Our Missional God 19

The last two chps of Chris Wright’s excellent book, The Mission of God, concern the most pressing topic of anyone who wants to examine the Old Testament through the lens of “mission.” I tend to think most either ignore what the OT says or distort what the OT says. Wright gets this right.
This is no small problem and so I want to sort some of this and see where we can land and see what you think…
The hopeful view: “The nations are the matrix of Israel’s life, the raison d’etre of her very existence” (here Wright quotes Duane Christensen; p. 454). Wright: “It is God’s mission in relation to the nations, arguably more than any other single theme, that provides the key that unlocks the biblical grand narrative” (455).
The problem: First, reality: Israel did almost nothing to bless other nations in any missional sense. Second, individuals: if the narrative eventually ends up with Israel — through Jesus and the Church — “missioning” to all the nations (and most of us are beneficiaries of this), it took a long time and what about all those who never heard? Why did God wait so long? Third, hermeneutics: Is it the case that we are hoping to find more Gentile blessings in the OT than are really there? And this leads us to finding such blessings.
The strategy: God chooses Israel. “It was a much more exalted and universal claim — a claim that would be the grossest arrogance if not true. The claim was that YHWH was in fact the sovereign God of all the earth, ruling the histories and destinies of all nations. And in that context of universal involvement with all nations, YHWH had a unique relationship with Israel” (463). God’s unique relation with Israel involved a mission to the nations.
The sharp edge: “…. the covenant demands two sides: Israel belongs to YHWH, and YHWH belongs to Israel … . But in the case of the nations we may say that the nations belong to YHWH, but YHWH does not yet belong to the nations” (466).
So, the themes of the OT unfold into these four ideas:
1. The nations are witnesses observers of what YHWH does in and to Israel (Exod 15:14-16). They observe God’s covenant obligations, God’s judgments on Israel, and God’s restoration of Israel.
2. The nations can be beneficiaries of the blessings inherent in Israel’s covenant (Ps 67:1-3).
3. The nations will come to know and worship Israel’s God (Ps 86:8-10; Isa 66:18-23).
4. The nations will ultimately be included within the identity of Israel as God’s people (Ps 47).

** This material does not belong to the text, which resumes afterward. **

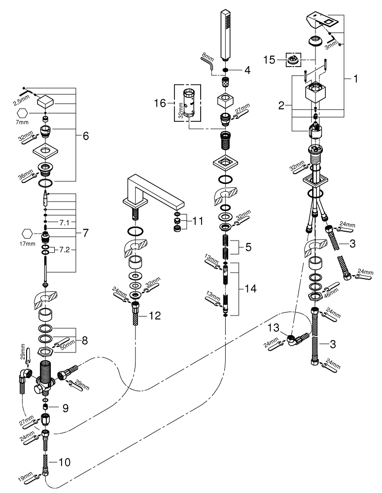 - Geschikt voor 4-gats badrandkraan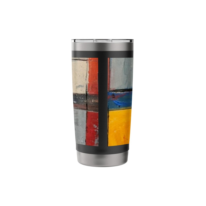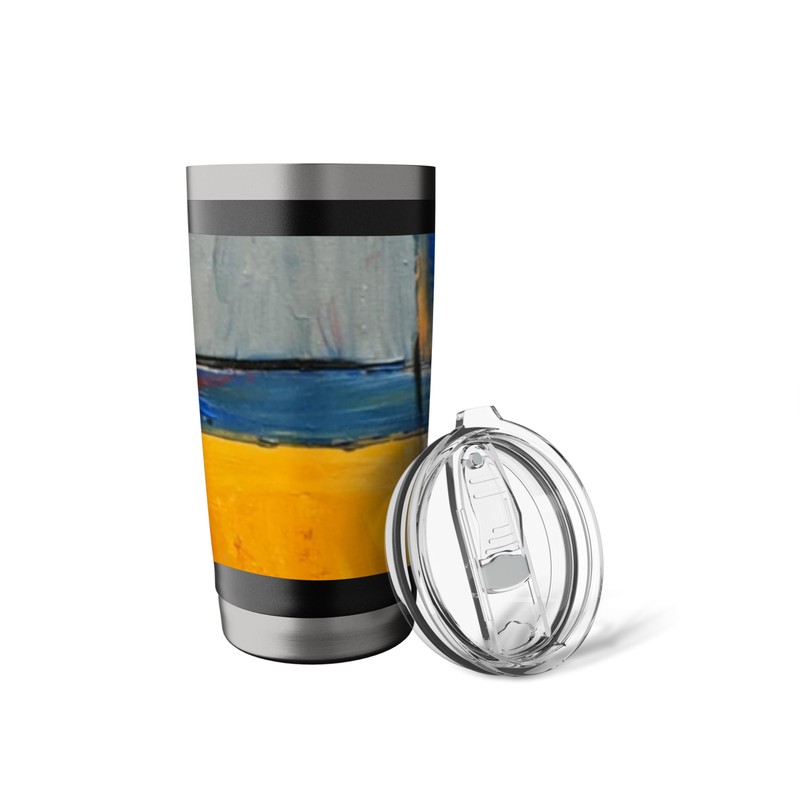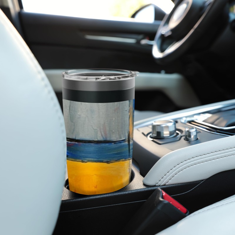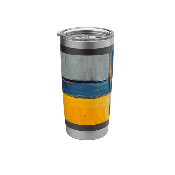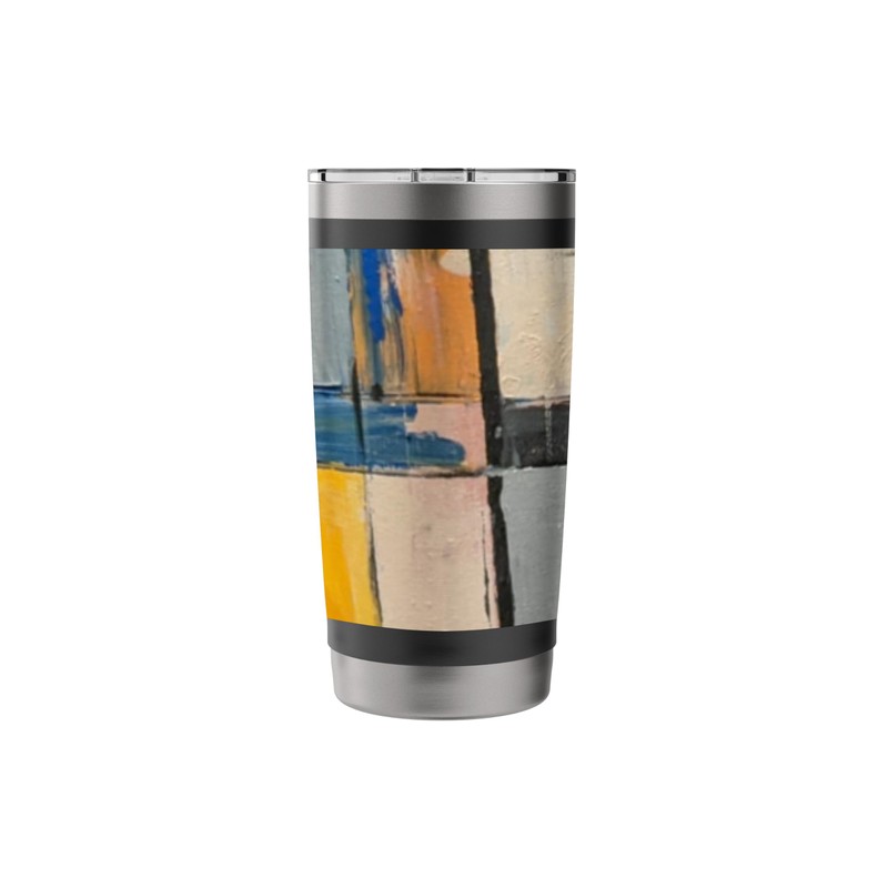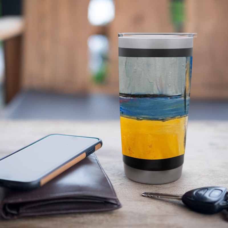Yellow Gray and Beige Pastel Colors Abstract Art Painting Stainless Steel Insulated Tumbler

But here is Isa 19:16-25, and this one text can stand for a variety of others that anticipate redemption for all nations…


16 In that day the Egyptians will be like women. They will shudder with fear at the uplifted hand that the Lord Almighty raises against them. 17 And the land of Judah will bring terror to the Egyptians; everyone to whom Judah is mentioned will be terrified, because of what the Lord Almighty is planning against them.
18 In that day five cities in Egypt will speak the language of Canaan and swear allegiance to the Lord Almighty. One of them will be called the City of Destruction.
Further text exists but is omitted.